Thanks David! Good thinking, and if I ever redo the video I may well change the order. I chose the order I did, as it seemed to go from easy to difficult. (Actually I don’t remember consciously thinking about the order – it just fell out of individual help sessions with students.)  And the diagram was developed in response to the rather artificial problems I was posing!

I’ll step back a bit and explain. One problem I have seen in teaching Statistics and Operations Research is that students fail to make connections. They also compartmentalise the different aspects and find it difficult to work out when certain procedures would be most useful. I wrote a post about this. In the statistics course I wrote a set of scenarios describing possible applications of statistical methods in a business context. The students were required to work out which technique to use in each scenario and found this remarkably difficult. They could perform a test on difference of two means quite well, but were hard-pressed to discern when the test should be used. So I made up even more questions to give them more practice, and designed my three step method for deciding on the test.  This helped.

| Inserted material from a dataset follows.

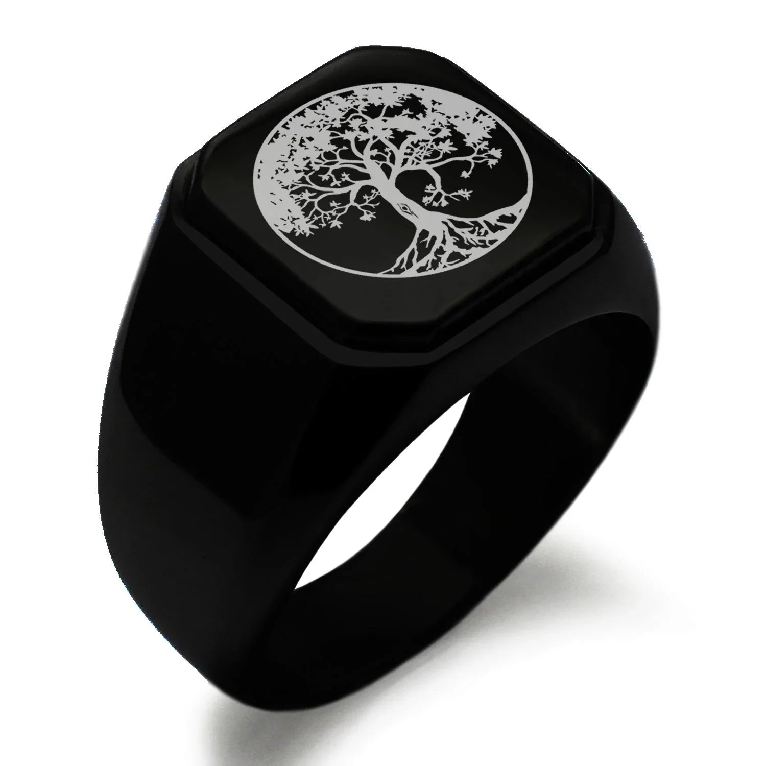 Stainless Steel Tree of Life Engraved Square Flat Top Biker Style Polished Signet Ring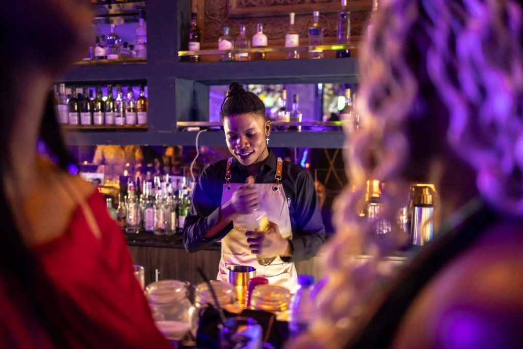 (FILES) A bartender prepares a cocktail as partygoers dance during an electronic music party organised by the “Lagos Underground” collective at the Mantra restaurant lounge in Lagos, on August 10, 2025. The hotels are booked and final preparations for the festivals and concerts are under way, as Lagos prepares for “Detty December”, Nigeria’s end-of-year frenzy.

I had not thought of it as a way to decide in a real-life situation which test to use. Surely that would be part of a much bigger process.  So my questions are rather artificial, but that doesn’t make them bad questions. Their point was to help students make linkages between different parts of the course. And for that, it works.

# Bring on the criticism

I would like to finish by saying how much I appreciate criticism. It is nice when people tell me they like my materials. I feel as if I am doing something useful and helping people. I get frequent comments of this type on my YouTube site.  But when people make the effort to point out gaps and flaws in the material I am extremely grateful as it helps me to clarify my thinking and improve the approach. If nothing else, it gives me something to talk about in my blog. It is difficult producing material in a feedback vacuum.  So keep it coming!

# Significance

In statistical analysis the word “significant” means that there is evidence that effect found in the sample exists in the population from which the sample was drawn. The choice of the word “significant” is unfortunate, as it is used to mean something different in common language. Reporters hear a scientist say that there is a significant effect, and tend to think big. Results gets reported as significant, meaning big, and we have effect inflation.

Where do p-values come from?

In reality, if we take a large enough sample, even a small effect will show up as significant. Because the sample is large, it is easier to detect and be sure of the existence of small effects in the population. However, this does not mean that the effect is notable or makes any difference.

Unfortunately this confusion is rife in the reporting of medical and educational research. A drug may have a statistically significant effect, which means that there is evidence that it exists in the population, but it may be to reduce incidence from 2 in a thousand to 1 in a thousand, which isn’t really much of a difference. To make matters worse a result like this can also be stated as a 50% decrease, which makes it seem even more miraculous.

This post is more about learning statistics, but those who teach it really need to be alert for this misconception. We have just posted our latest YouTube video explaining significance and usefulness, evidence and strength, association and causation.

Within the video I have tried to give memorable images, which students will hold onto, even if they don’t quite remember the reasoning. The p-value shrinking as the Evidence label grows, aims to help students understand that a small p means more evidence to reject the null. I’m also really pleased with my “p-machine”, turning the mean, standard deviation and sample size into a t statistic, which is then converted to a p-value.

There are just a few really big ideas in statistics, and these are some of them. This forms part of statistical literacy, which is important to all citizens. I hope you may find the video useful in helping students remember.